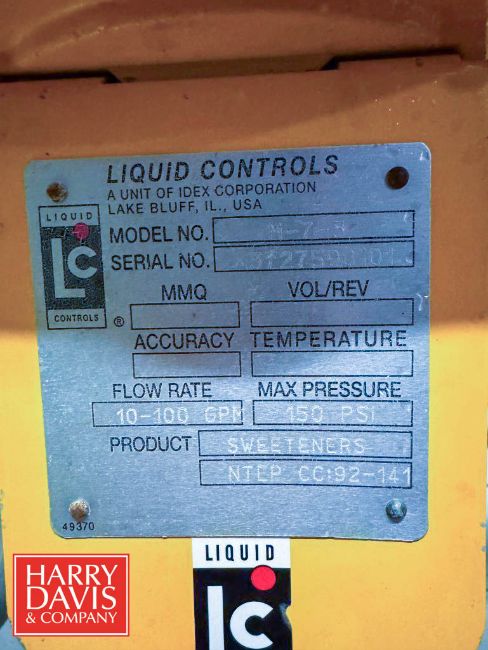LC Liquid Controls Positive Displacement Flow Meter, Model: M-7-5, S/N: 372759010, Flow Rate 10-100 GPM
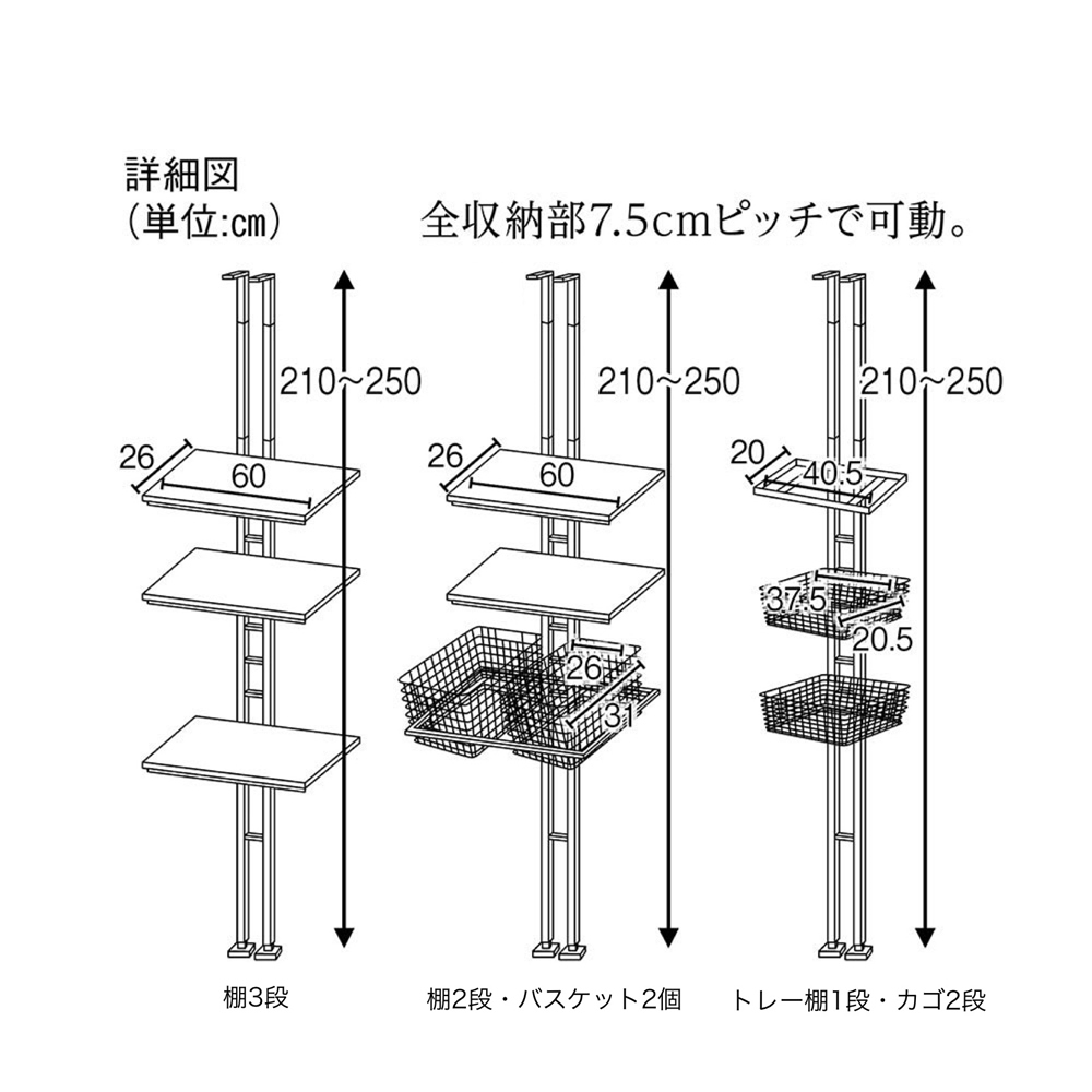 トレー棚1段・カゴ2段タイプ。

---

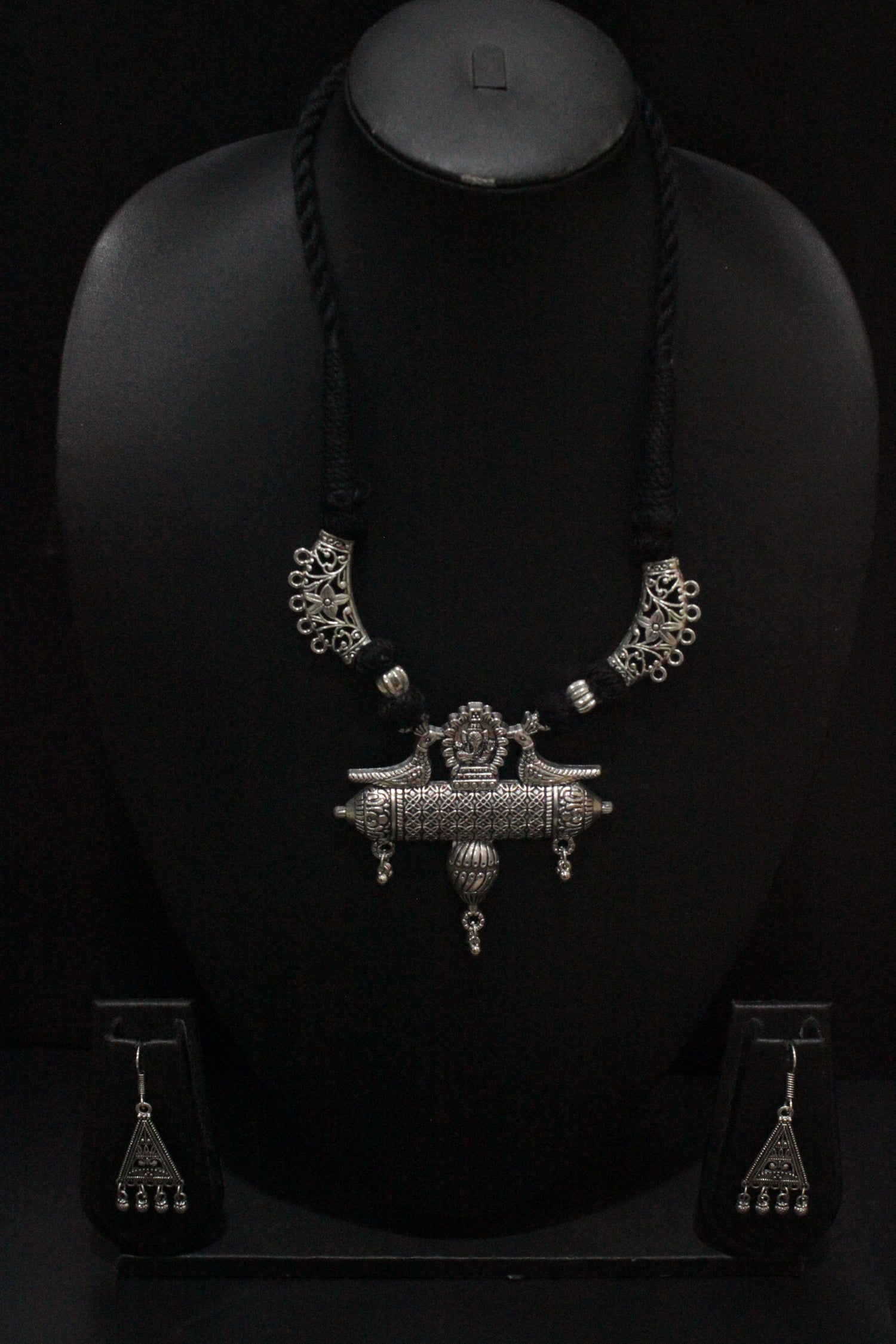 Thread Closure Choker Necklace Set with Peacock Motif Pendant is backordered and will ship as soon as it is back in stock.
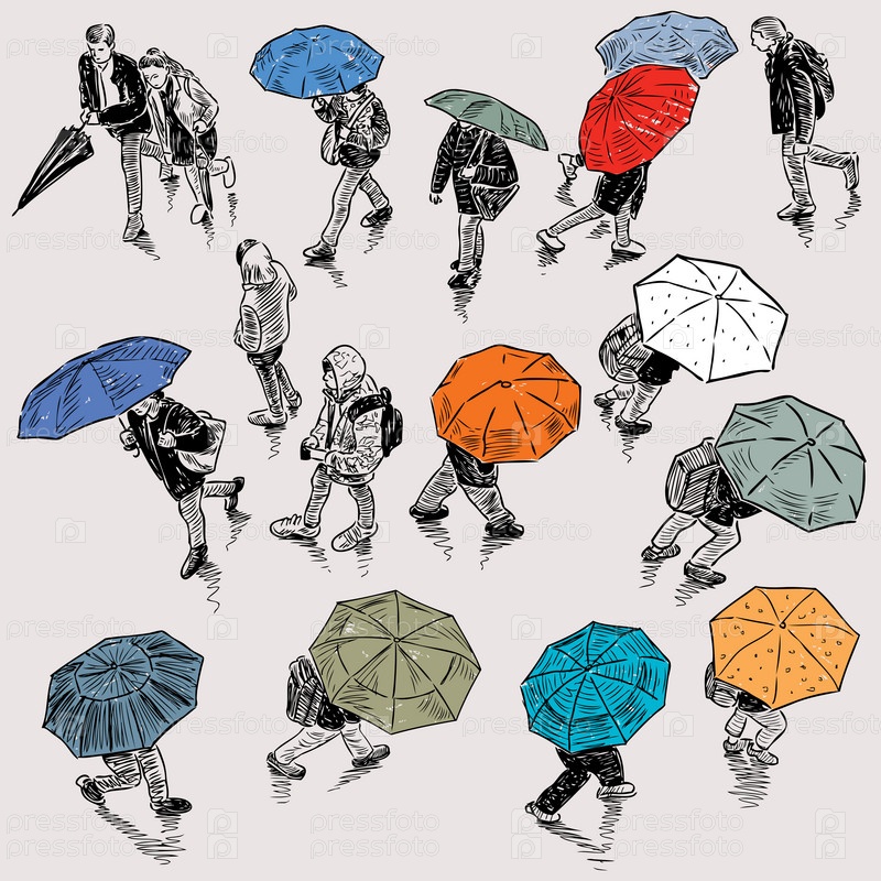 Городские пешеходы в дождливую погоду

_Work instruction_
Copy everything above from the line holding "Thread Closure Choker" down to the line holding "Городские пешеходы в дождливую погоду", both ends included, exactly as it stands and without the pictures.

_Solved problem_
 Thread Closure Choker Necklace Set with Peacock Motif Pendant is backordered and will ship as soon as it is back in stock.
 Городские пешеходы в дождливую погоду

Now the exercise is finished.